I attended a meeting Aug. 12 to listen to a remarkable presentation by some of the same people who danced and dazzled us during the Big Dig project. Admittedly I may have held some preconceptions, none of which have been allayed. I listened to an acoustics expert explain why the numbers showed that the people who will be auditorily impacted detrimentally really won't be impacted auditorily. The numbers prove it. Could numbers also prove that I really like rap music? OK. No sound abatement to be included in the design plan. The numbers were wrong; sort of like a losing lottery ticket. They're not going to build it anyway.
Then I witnessed some nifty architectural renderings of the minimally desired pedestrian walk and bikeway over the river, widening the span by 20 feet. It showed people lounging blissfully on benches and children being strollered on this passage, separated from 75,000 exhaust fume-producing vehicles by the ever-lovely Jersey barriers topped by three feet of hurricane fence.
I studied the plans for this trail, asked questions before the meeting and discovered that this pedestrian miracle won't connect anything. Really. The trail starts on the eastern end at Newburyport's commuter bus parking lot. The one that's enclosed without access because you pay to use it. It has no place to end on the Salisbury side. I don't believe this will ever become a destination location. They will build it anyway.
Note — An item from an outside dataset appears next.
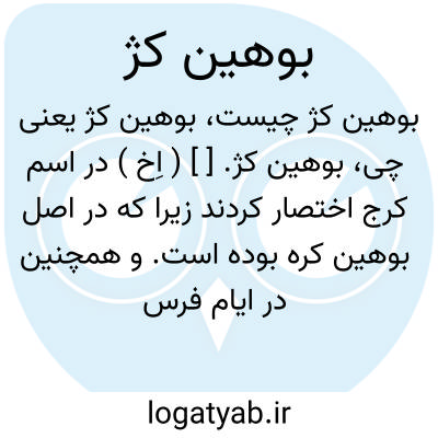 بوهین کژ. [ ] ( اِخ ) در اسم کرج اختصار کردند زیرا که در اصل بوهین کره بوده است. و همچنین در ایام فرس آنرا بوهین کره خوانده اند. یعنی خرمنگاه کرج. ( تاریخ قم ص 23 ).

We were told that the three communities involved would be urged to come up with some sort of linkage plans which, although not stated, they would pay for themselves. Not easy, not likely, without wads of money falling out of Uncle Sam's pockets. And even then, where is the groundswell of support for such a linkage? It's time to mention that this serendipitous walkway over the river will only make up about 5 percent of the project's cost. That figures to be $6 million on the low side of reality.
Finally, we were further schmoozed by being told that the designers knew and sympathized with our historical loss. They want to mitigate our loss. What historic loss? A used-up, ugly bridge that is only 60 years old? I don't feel the pain.
We were told that the loss would be mitigated by saving the plaques and State of Massachusetts seals that are in hiding or disrepair on the present bridge, refurbishing them and quite possibly erecting some sort of shrine to them and the pols in place when the old bridge was completed in the vintage year of 1951. I'm not sure my heartbreak at the loss of our old bridge is going to be mitigated, but I could be just a grumpy, oldish man.
Can't we just span the river with a safe, sturdy, durable bridge that can handle the increasing load of traffic for the next 60 years? How far afield we seem to wander when design fees are based on a percentage of the cost of the project. My grumpiness should be mitigated by the fact that Uncle Sam is picking up the tab. Yet, how did the Big Dig grow like Topsy? And where does Uncle Sam get his money? They're going to build it anyway.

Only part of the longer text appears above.